A real turning point for the Italian firm came in 1902 when they opened the Spanish facilities in Villaneuva y Geltrù just south of Barcelona, as this marked the start of a long process of internationalisation, one that the company has never abandoned and which has enabled them to become a truly multinational organisation, one centred around the group's Bicocca headquarters on the site of their first manufacturing facility, the old cooling tower of which remains an architectural feature at the heart of the company's headquarters to this day. It is here at its Bicocca headquarters where Pirelli also has the group's primary Research & Development unit, which oversees all research conducted by the eight other R&D facilities around the world—a world in which Pirelli now has 20 production sites in 14 nations, all of which have returned to focus entirely on the production of tyres.

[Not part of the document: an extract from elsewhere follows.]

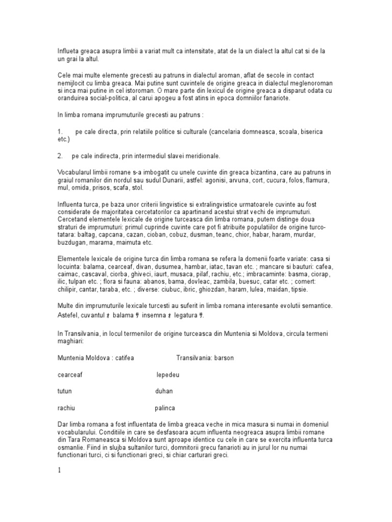 Cuvinte De Origine Turca Pastrate In Limba Romana

Pirelli's home nation features production facilities in Bollate (Milan) and the group's most technologically advanced site, the Settimo Torinese Industrial Complex, which was born out of the union of two Pirelli plants into a single complex covering an area of 250,000 square metres. Elsewhere in Europe, Pirelli has two sites in the United Kingdom—in Burton-on-Trent, established in 1929, and in Carlisle, established in 1969—as well as the facilities established in 1963 in Breuberg, Germany. The plant in Izmit, Turkey, has been active since 1962 and is where the company makes its tyres for Formula 1, along side its tyres for both cars and trucks. Since 1999, Pirelli has had production facilities in Alexandria, Egypt, to cover the African market and meet the region's needs for truck tyres. In the 2000s, in order to take advantage of opportunities arising from growing demand in rapidly developing economies, the group opened facilities in Slatina, Romania (2006), in Yanzhou, China (2005), and in Guanajuato, Mexico (2012), the production of which supports that of the U.S. facilities in Rome, Georgia (2002), thereby freeing up capacity for the South American facilities that previously did work for the NAFTA market.

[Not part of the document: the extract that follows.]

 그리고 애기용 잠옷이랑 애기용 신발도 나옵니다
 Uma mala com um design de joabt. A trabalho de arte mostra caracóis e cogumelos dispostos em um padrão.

Indeed, it is in South America where the Pirelli group has the greatest number of production facilities and where they have had a presence since 1910, generating just under 30% of total revenues. In Brazil in particular, Pirelli now has four factories (in Santo André since 1941, in Campinas since 1970, in Gravatai since 1976, and in Feira de Santana since 1986), which produce the entire range of Pirelli tyres. The group also has a tyre plant in Merlo, Argentina, established in 1968, and in Guacara, Venezuela (established in 1990), and employs a total of some 13,000 people in South America out of the organisation's total workforce of 38,000 worldwide.

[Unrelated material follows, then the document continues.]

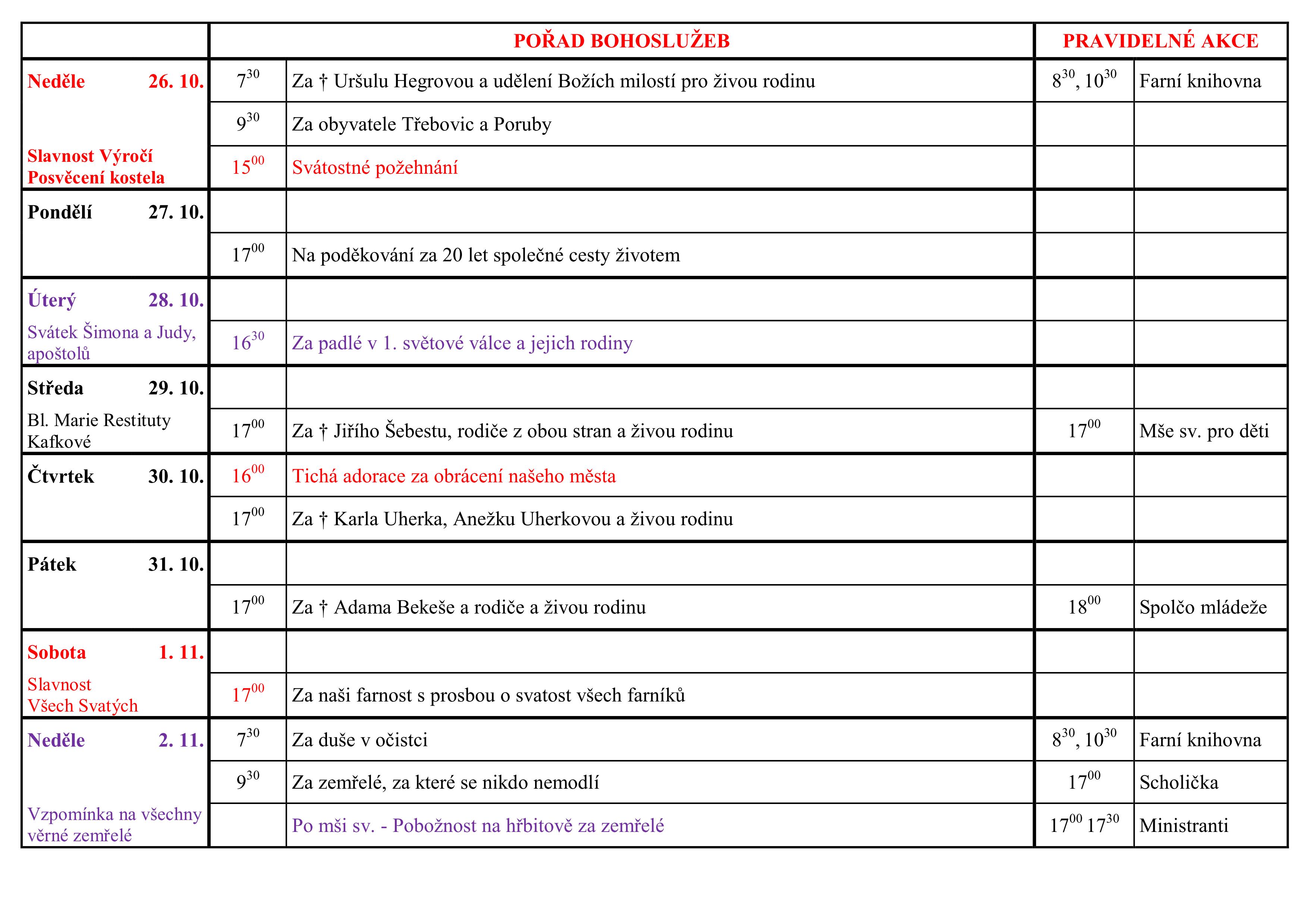 Slavnost Výročí posvěcení kostela – pořad bohoslužeb a ohlášky

More recently, Pirelli has also ventured into Russia, where they have had a manufacturing presence since 2011 through a partnership with Rostec (formerly Russian Technologies) to acquire production facilities in Kirov and Voronezh, two ‘historic' sites of the Russian Federation, the production of which has since been updated to Pirelli standards of technology. Pirelli now also has a presence in Indonesia through another partnership with a local group (Astra Otoparts), having recently launched the brand-new Subang facilities, which focus on the production of motorcycle tyres in order to take advantage of the great potential of the APAC market.